The mechanism includes a description of which bonds are broken and in what order, which bonds are formed and in what order, and what the relative rates of the steps are. The mechanism includes a description of the transition state -- the highest energy state or conformation in the process of any chemical or physical transformation. The transition state can be considered a reaction intermediate or activated complex which is in metastable state, since both reactants and products represent lower energy configurations.

Note that only in an irreversible reaction can we assume that all reactants will indeed proceed to the formation of products. Chemical equilibrium is the state in which the concentrations of the reactants and products have no net change over time. Usually, this state results when the forward reactions proceed at the same rate as their reverse reactions.

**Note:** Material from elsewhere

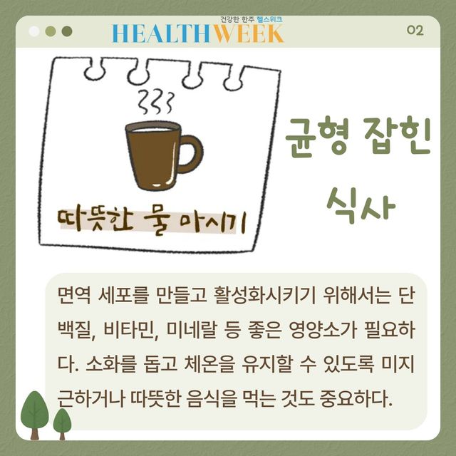 환절기는 아침저녁으로 기온 차가 커서 우리 몸의 면역력이 뚝 떨어지기 쉬운 시기이다. 이럴 때 건강을 지키는 가장 확실하고 기본적인 방법을 알아보자.
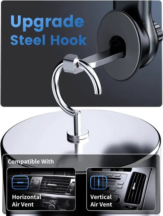 Upgraded Longer Hook ClipNew 36mm hooks clip can fit more kinds of air vent bladesmeanwhile the metal hook is more solid and durable.

A complete mechanism must also account for all reactants used, the function of a catalyst, stereochemistry, the qualitative composition of all products formed and the quantitative amounts of each product. A reaction mechanism must also account for the order in which molecules react. Often what appears to be a single step conversion is in fact a multi-step reaction sequence.

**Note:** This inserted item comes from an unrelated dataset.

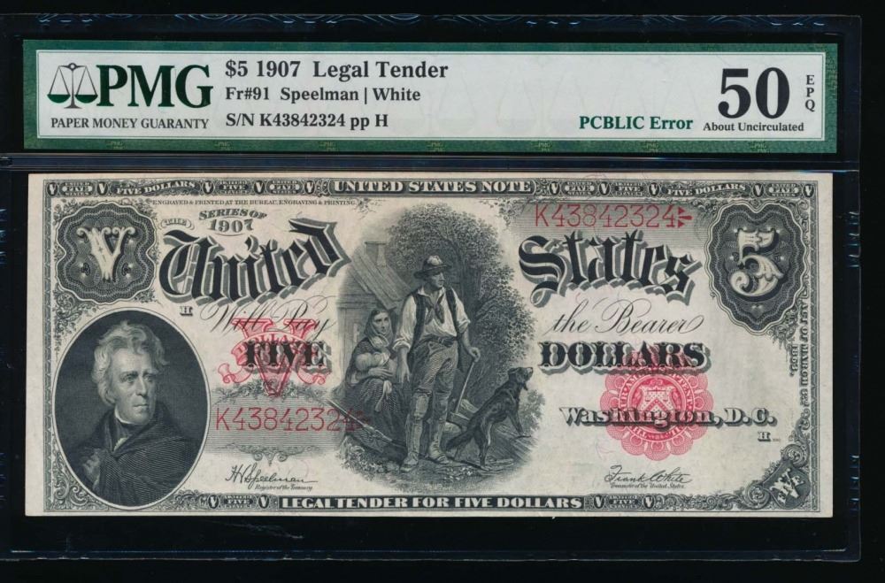One 1907 $5 Legal Tender Note PMG 50EPQ.

Physical chemistry includes the study of chemical kinetics or reaction kinetics, which emphasize the role of  reaction rates in a chemical reactions. Analyzing the influence of different reaction conditions on the reaction rate gives information about the reaction mechanism and the transition state of a chemical reaction. The law of mass action  states that the speed or rate of any chemical reaction is proportional to the quantity (or concentration) of the reacting substances.

Consider the following example:

                                                    CO  +  NO₂    →    CO₂ +  NO

It has been shown experimentally that the rate law for this reaction is given by:

                                                                     R  =   k [NO₂] ²

                                                                 R  =  Rate of reaction

                                                     k  =  Reaction (equilibrium) constant

                                                [NO₂]   =  Molar concentration of NO₂

I.E. For any given concentration of NO₂, the rate of the reaction R is determined by an equilibrium constant k which is measured in a series of carefully controlled experiments. Once k is determined, R can be calculated for any initial concentration of NO₂. 

Therefore, a possible mechanism by which this reaction takes place is:

   ( slow )                                 2 NO₂   →   NO₃   +   NO

   ( fast )                               NO₃  +  CO   →   NO₂ +  CO₂

The net reaction would then be given as initially stated:

                                                    CO  +  NO₂    →    CO₂ +  NO

Each step is called an elementary step, and each has its own rate law and molecularity. All of the elementary steps must add up to the original reaction.

There are only four types of elementary steps:

1) Addition, 2) Elimination, 3) Substitution and 4) Rearrangement.

When determining the overall rate law for a reaction, the slow step is the step that determines the reaction rate. Because the first step is the slow step, it is the rate-determining step. Because it involves the collision of 2 NO₂ molecules, it is a bimolecular reaction with a rate law of  R = k [NO₂] ². If one were to cancel out all the molecules that appear on both sides of the reaction, you would be left with the original reaction.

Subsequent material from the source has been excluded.